[Asia Economy Reporter Ji Yeon-jin] The U.S. stock market continues its upward trend amid expectations of an 'inflation peak-out.' Low-price buying surged mainly in technology stocks, which had sharply fallen due to concerns over stagflation (a phenomenon where inflation and economic recession occur simultaneously), causing the Nasdaq index to rise sharply. On the 27th (local time), the Nasdaq index jumped 3.33% compared to the previous day, while the Standard & Poor's (S&P) 500 index and the Dow Jones index recorded gains of 2.47% and 1.76%, respectively.


The Personal Consumption Expenditures (PCE) price index released by the U.S. Department of Commerce rose 6.3% year-on-year and 0.2% month-on-month. This figure is lower than the 6.6% year-on-year increase in March, which was the largest rise in 40 years.
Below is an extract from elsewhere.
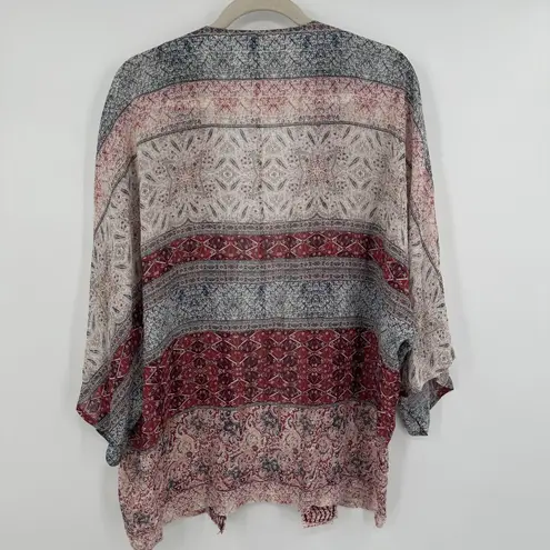 Garnet Hill Kimono Womens Small Red Blue Sheer Silk Boho Open Front Lightweight Condition: Gently w... Show more

The inflation indicator referenced by the U.S. central bank, the Federal Reserve (Fed), showed a slowdown in its rate of increase for the first time in a year and a half since November 2020.


[Good Morning Stock Market] "US Inflation Has Peaked"... Will KOSPI Continue Its Rebound on Peak-Out Expectations? View original image


◆ Sangyoung Seo, Kiwoom Securities Researcher = Last weekend, the U.S. stock market started higher as expectations for an 'inflation peak-out' rose following the PCE price index announcement. Additionally, reports emerged that Tesla (+7.33%) had entered an attractive buying zone following Nvidia (+5.38%), leading to gains centered on technology stocks that had experienced significant declines, resulting in a strong surge in the Nasdaq.


The U.S. stock market's strength amid rising expectations of an inflation 'peak-out' is expected to have a positive impact on the Korean stock market. Furthermore, reports released on Friday, following Nvidia on Thursday, indicated that Tesla and Roku had also entered attractive buying zones, which is favorable. This is because buying sentiment increases during declines caused by overselling, a recent market theme. Supported by positive foreign demand due to inflation peak-out expectations and stability in the won-dollar exchange rate, the Korean stock market is expected to start with an increase of around 0.7% and maintain a solid trend.


◆ Jiyoung Han, Kiwoom Securities Researcher = This week, the KOSPI is expected to continue its rebound influenced by major economic indicators such as Korea's May exports, the U.S. May ISM Manufacturing PMI and employment data, remarks from key Federal Reserve officials including those from St. Louis, and whether inflation concerns ease. The expected KOSPI range this week is between 2580 and 2720.


Considering the recent process of confirming the bottom with higher lows and the rebound in the stock market, pessimism surrounding major stock markets such as Korea and the U.S. appears to have peaked. However, the subsequent trend reversal in the stock market depends on whether inflation levels significantly decrease by the end of the year. A key event influencing the short-term direction of the domestic stock market this week is Korea's May exports, which are expected to increase by 19.5% year-on-year. If major economic indicators such as the U.S. May ISM Manufacturing Purchasing Managers' Index (PMI) show better-than-expected performance, it is anticipated to alleviate concerns about economic and earnings recessions that have been central to market anxiety, thereby improving overall risk asset preference in the stock market.


[Good Morning Stock Market] "US Inflation Has Peaked"... Will KOSPI Continue Its Rebound on Peak-Out Expectations? View original image


◆ Sanghyun Park, Hi Investment & Securities Researcher = The value of the U.S. dollar declined for the second consecutive week. Some of the pressures supporting dollar strength weakened, and although the April PCE price index met market expectations, the slowdown in the month-on-month increase strengthened the inflation peak theory, contributing to the dollar's weakness. Above all, the downward stabilization of U.S. Treasury yields had a significant impact on the dollar's weakening trend. Due to the dollar's weakness, the euro also rebounded sharply for two consecutive weeks. The won-dollar exchange rate also declined for two consecutive weeks. The unexpectedly strengthened hawkish voices and additional rate hikes expected at the Bank of Korea's Monetary Policy Committee meeting in May contributed to the won's strength. Additionally, the rebound in global stock markets and the weakening of safe-haven asset sentiment also helped strengthen the won.



The upcoming release of the U.S. May ISM Manufacturing Index and employment data this week will once again serve as indicators to assess the U.S. economy, specifically recession risks and inflation pressures, which will likely determine whether the dollar continues to decline. Considering only current market consensus, there is a higher probability that the dollar will weaken further or remain stable rather than rebound. The partial easing of the Shanghai lockdown scheduled for June 1 is also a noteworthy event. If the Shanghai lockdown is eased, expectations for an economic rebound due to the full-scale implementation of China's economic stimulus measures will revive, exerting upward pressure on the yuan. Although won strength sentiment has revived after a long time, variables such as oil price instability still remain as factors limiting the downside.


This content was produced with the assistance of AI translation services.